» EXERCISE REQUIREMENTS
For this exercise, retype the lines from the one that holds "Новый бутик на" through the one that holds "Black Droplet Print" in the records below, both included, exactly and without pictures.

» DATA FOR REVIEW
_ _ _ _
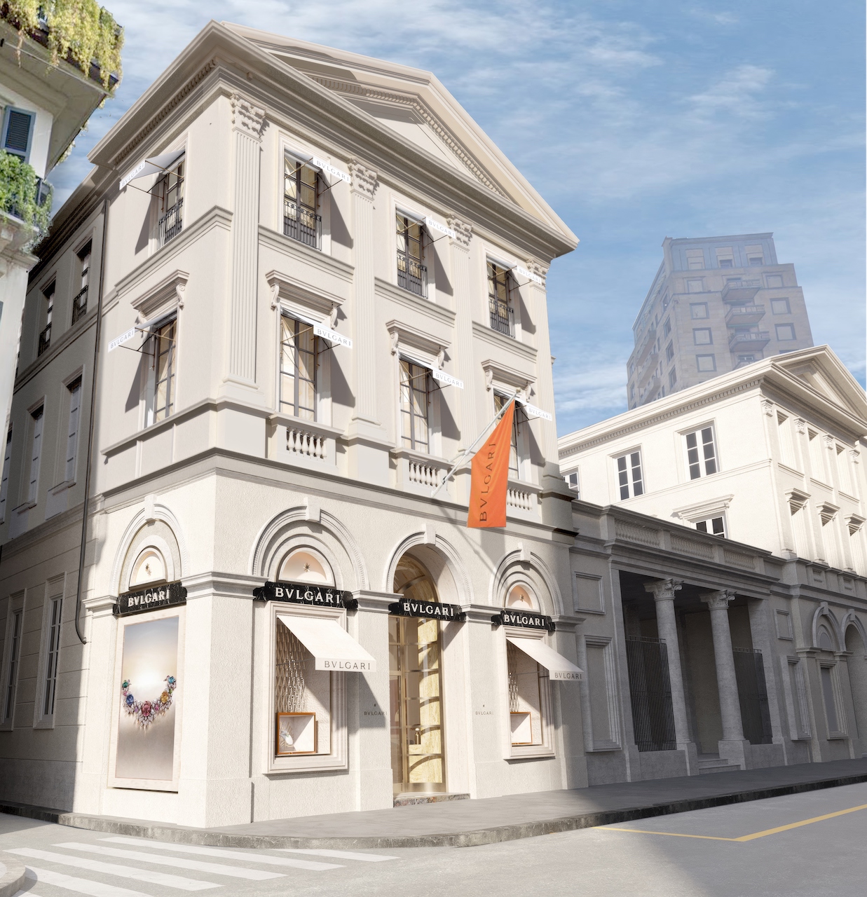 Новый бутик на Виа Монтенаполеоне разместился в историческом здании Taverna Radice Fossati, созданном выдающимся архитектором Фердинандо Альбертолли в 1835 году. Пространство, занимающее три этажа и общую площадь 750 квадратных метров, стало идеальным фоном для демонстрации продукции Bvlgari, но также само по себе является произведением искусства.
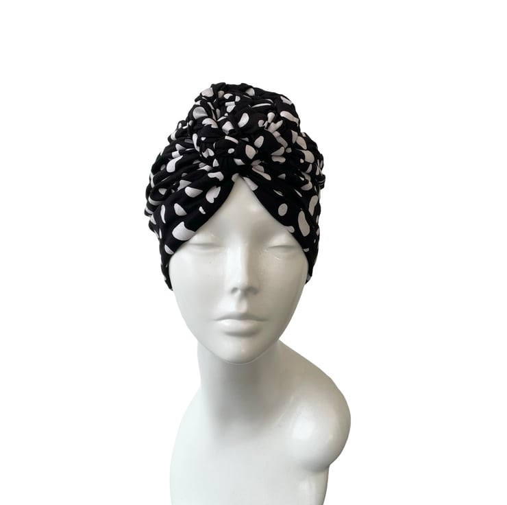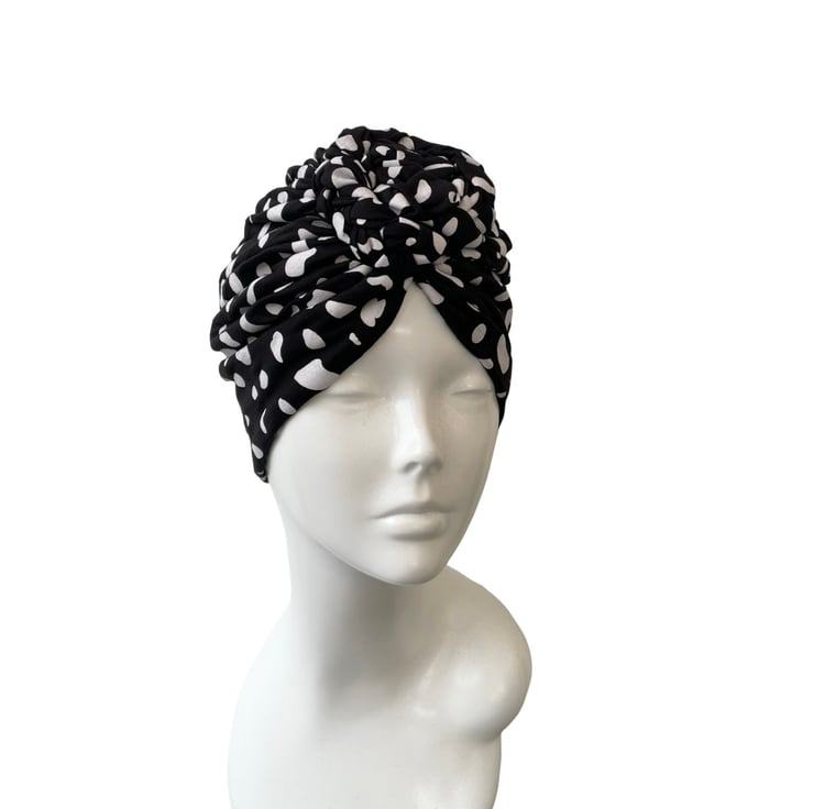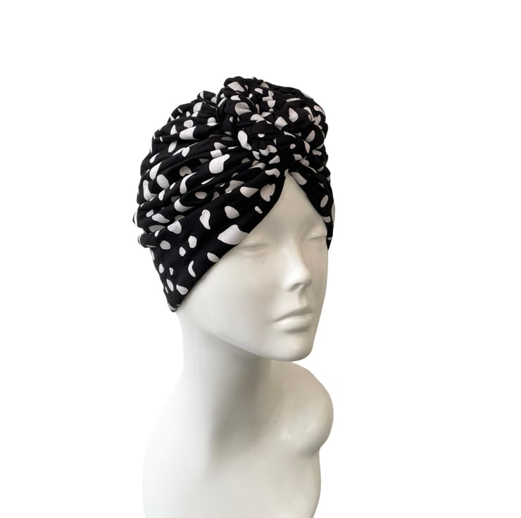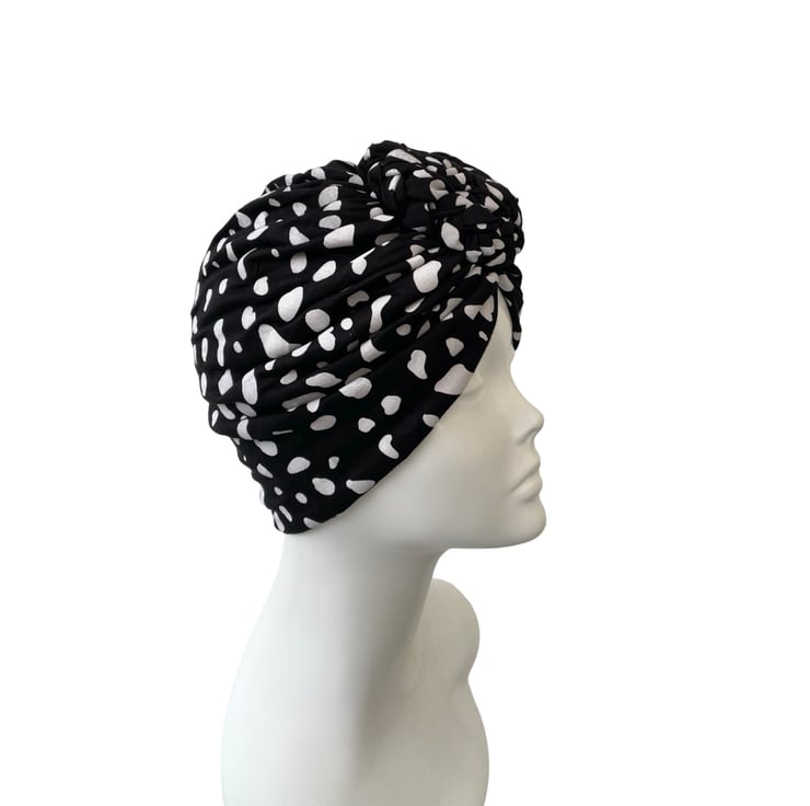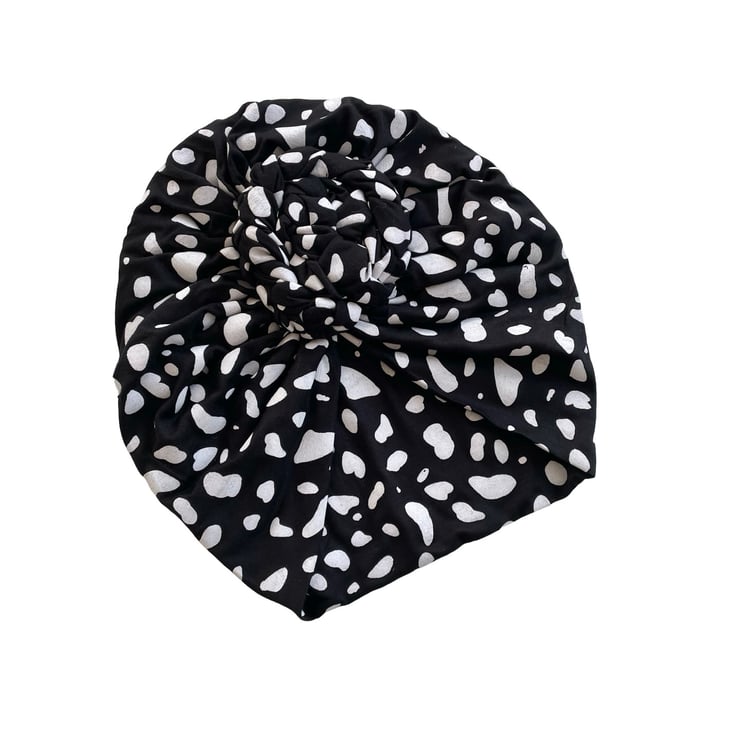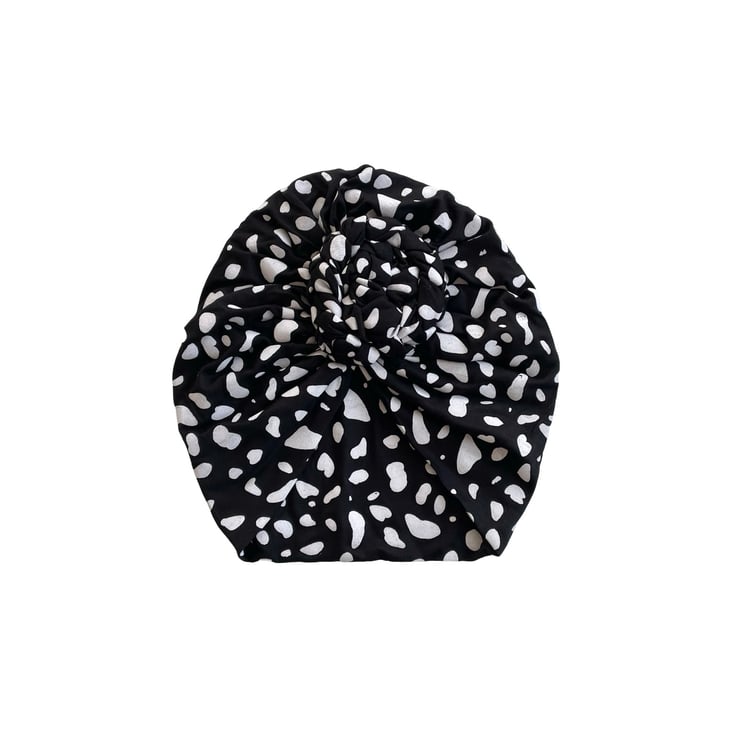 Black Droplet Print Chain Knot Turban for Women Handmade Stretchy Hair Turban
_ _ _ _
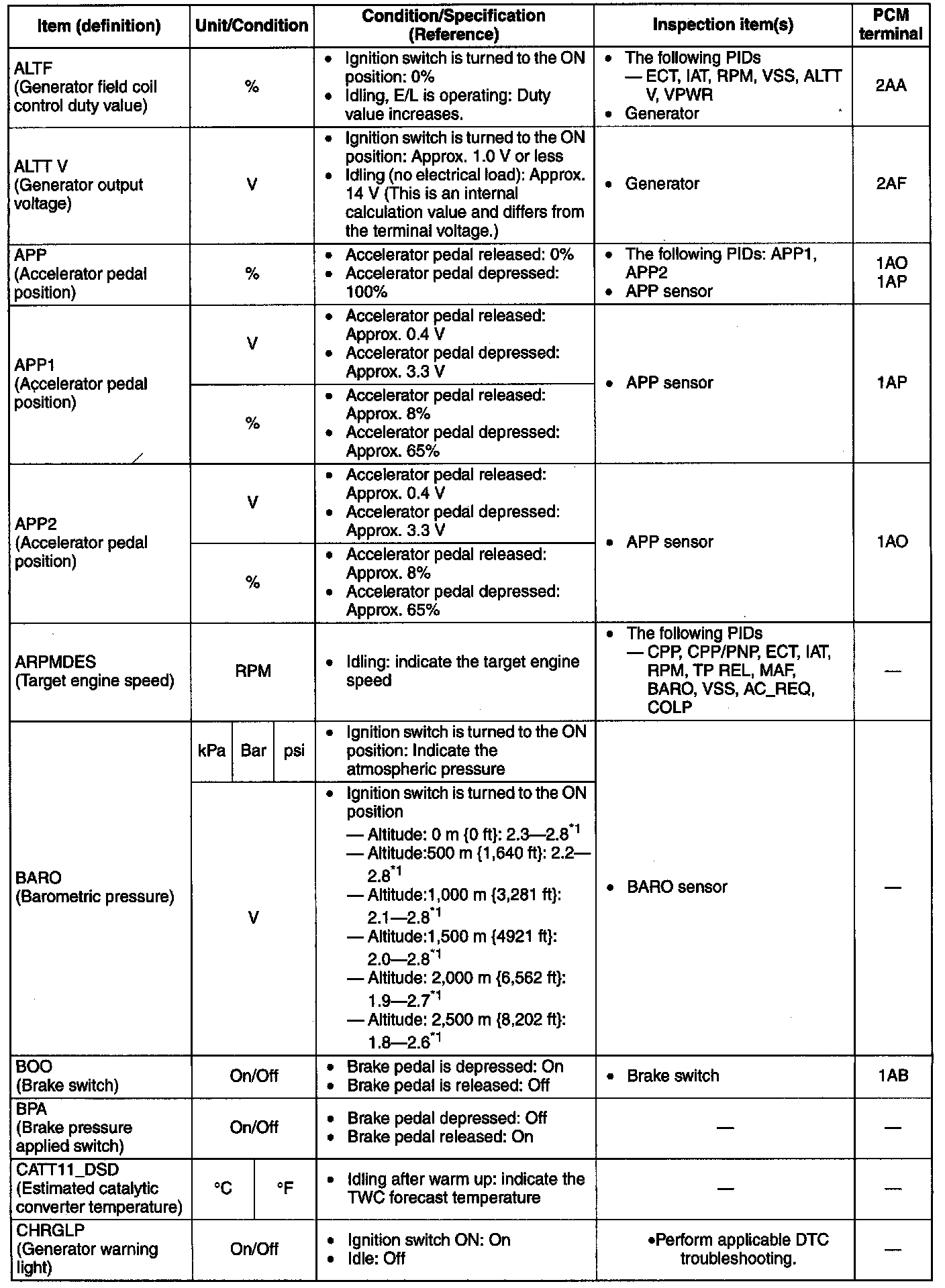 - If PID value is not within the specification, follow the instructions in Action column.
_ _ _ _
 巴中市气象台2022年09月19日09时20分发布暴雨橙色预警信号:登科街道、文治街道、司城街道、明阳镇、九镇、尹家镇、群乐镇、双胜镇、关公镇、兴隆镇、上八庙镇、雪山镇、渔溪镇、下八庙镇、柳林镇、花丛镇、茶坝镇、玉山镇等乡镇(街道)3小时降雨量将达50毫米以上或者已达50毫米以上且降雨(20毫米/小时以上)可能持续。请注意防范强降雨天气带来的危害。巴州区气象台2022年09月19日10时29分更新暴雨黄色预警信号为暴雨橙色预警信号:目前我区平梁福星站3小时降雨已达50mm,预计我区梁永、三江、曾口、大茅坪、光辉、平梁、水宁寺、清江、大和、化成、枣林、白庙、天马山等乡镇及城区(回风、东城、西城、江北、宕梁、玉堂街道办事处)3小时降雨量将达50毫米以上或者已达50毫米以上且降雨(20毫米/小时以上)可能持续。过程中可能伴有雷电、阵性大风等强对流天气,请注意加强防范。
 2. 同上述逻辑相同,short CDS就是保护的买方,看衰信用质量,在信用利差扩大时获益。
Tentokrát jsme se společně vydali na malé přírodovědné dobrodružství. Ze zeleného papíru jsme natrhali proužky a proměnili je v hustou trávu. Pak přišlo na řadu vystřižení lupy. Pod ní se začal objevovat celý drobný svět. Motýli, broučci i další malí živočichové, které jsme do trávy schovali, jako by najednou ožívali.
_ _ _ _
» REPLY TO THE EXERCISE
 Новый бутик на Виа Монтенаполеоне разместился в историческом здании Taverna Radice Fossati, созданном выдающимся архитектором Фердинандо Альбертолли в 1835 году. Пространство, занимающее три этажа и общую площадь 750 квадратных метров, стало идеальным фоном для демонстрации продукции Bvlgari, но также само по себе является произведением искусства.
 Black Droplet Print Chain Knot Turban for Women Handmade Stretchy Hair Turban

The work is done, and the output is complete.